→ TASK PROMPT
Make an exact transcript of the lines in the data below, starting with the one containing "唇を噛んだり、こすったりするなどの刺激も、ヘルペスの原因となります。" and going on through the one containing "나서고 있다. 2018.11.05.", with both included and the pictures left out.

→ DATA FOR ANALYSIS
=====

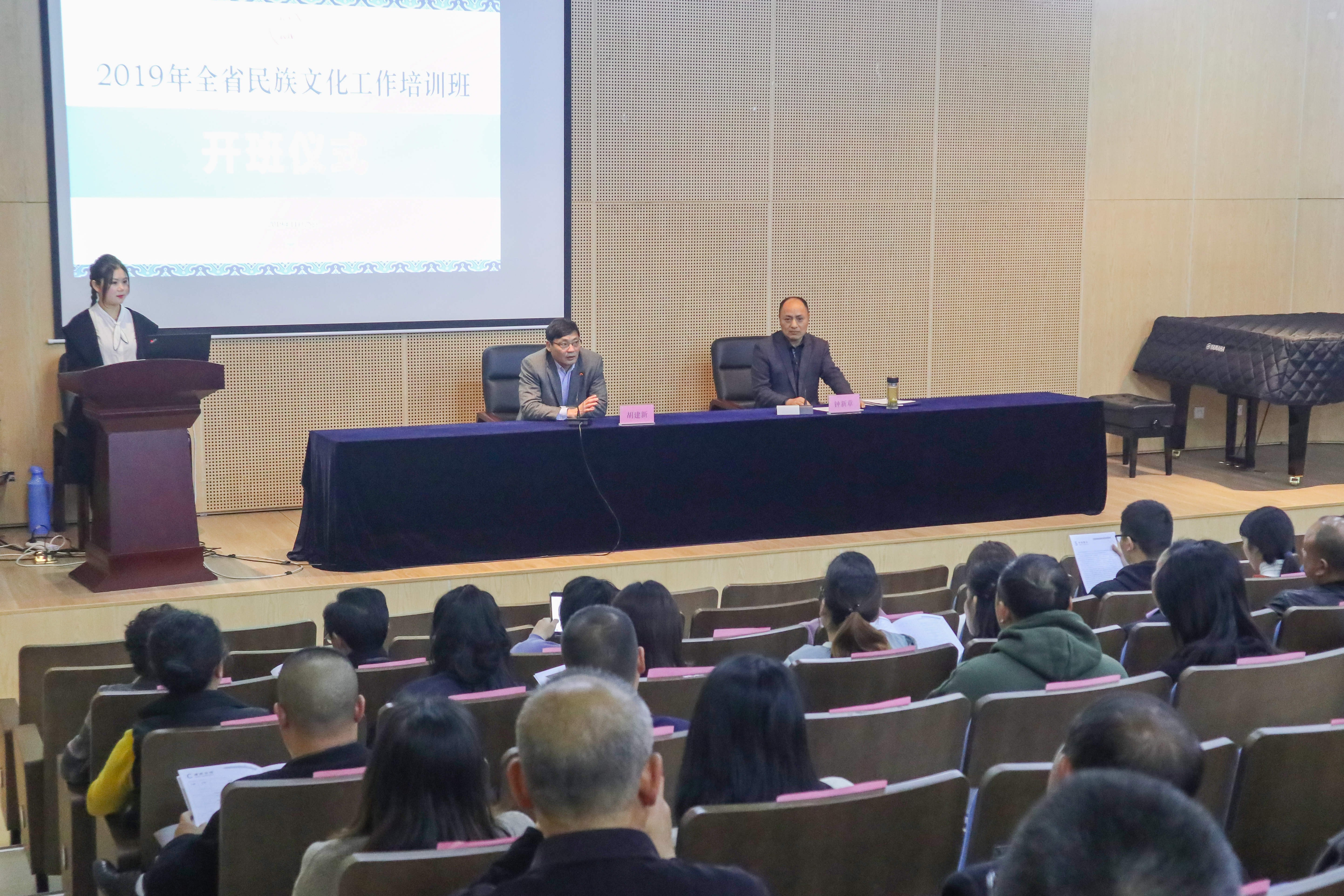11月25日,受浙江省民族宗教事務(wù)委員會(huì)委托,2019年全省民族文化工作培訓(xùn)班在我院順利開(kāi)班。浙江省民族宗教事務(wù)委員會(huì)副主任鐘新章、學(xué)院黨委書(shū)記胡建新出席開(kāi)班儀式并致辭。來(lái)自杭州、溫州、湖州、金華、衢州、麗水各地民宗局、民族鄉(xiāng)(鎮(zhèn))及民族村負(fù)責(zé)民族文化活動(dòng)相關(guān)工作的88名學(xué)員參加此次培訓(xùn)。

=====

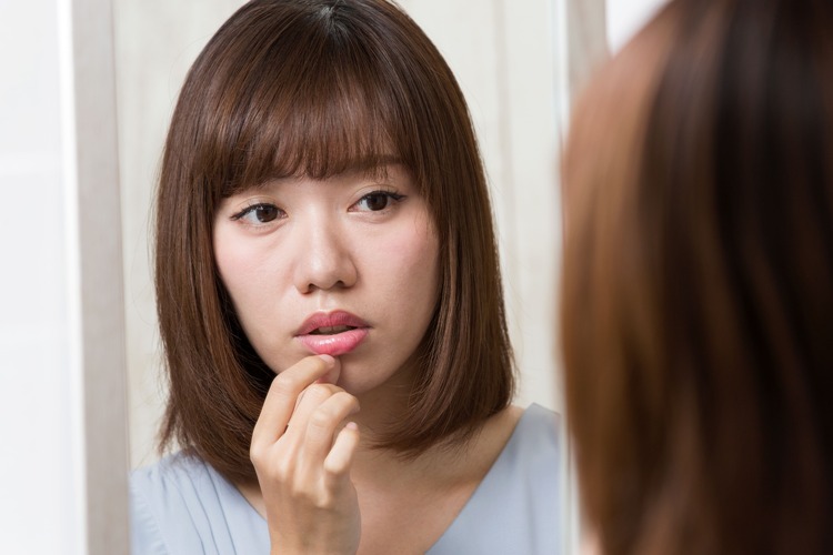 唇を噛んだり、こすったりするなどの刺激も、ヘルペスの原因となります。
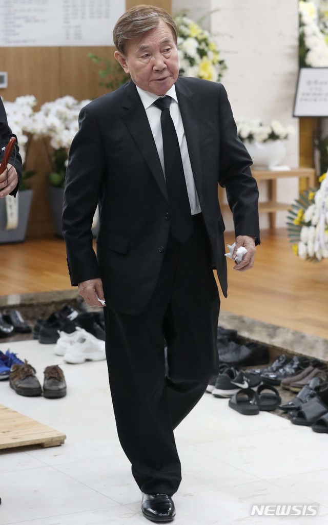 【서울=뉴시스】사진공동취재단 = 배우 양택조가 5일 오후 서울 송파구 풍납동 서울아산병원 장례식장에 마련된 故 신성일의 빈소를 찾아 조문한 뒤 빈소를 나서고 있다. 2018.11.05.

=====

→ ANSWER FOR THIS EXERCISE
 唇を噛んだり、こすったりするなどの刺激も、ヘルペスの原因となります。
 【서울=뉴시스】사진공동취재단 = 배우 양택조가 5일 오후 서울 송파구 풍납동 서울아산병원 장례식장에 마련된 故 신성일의 빈소를 찾아 조문한 뒤 빈소를 나서고 있다. 2018.11.05.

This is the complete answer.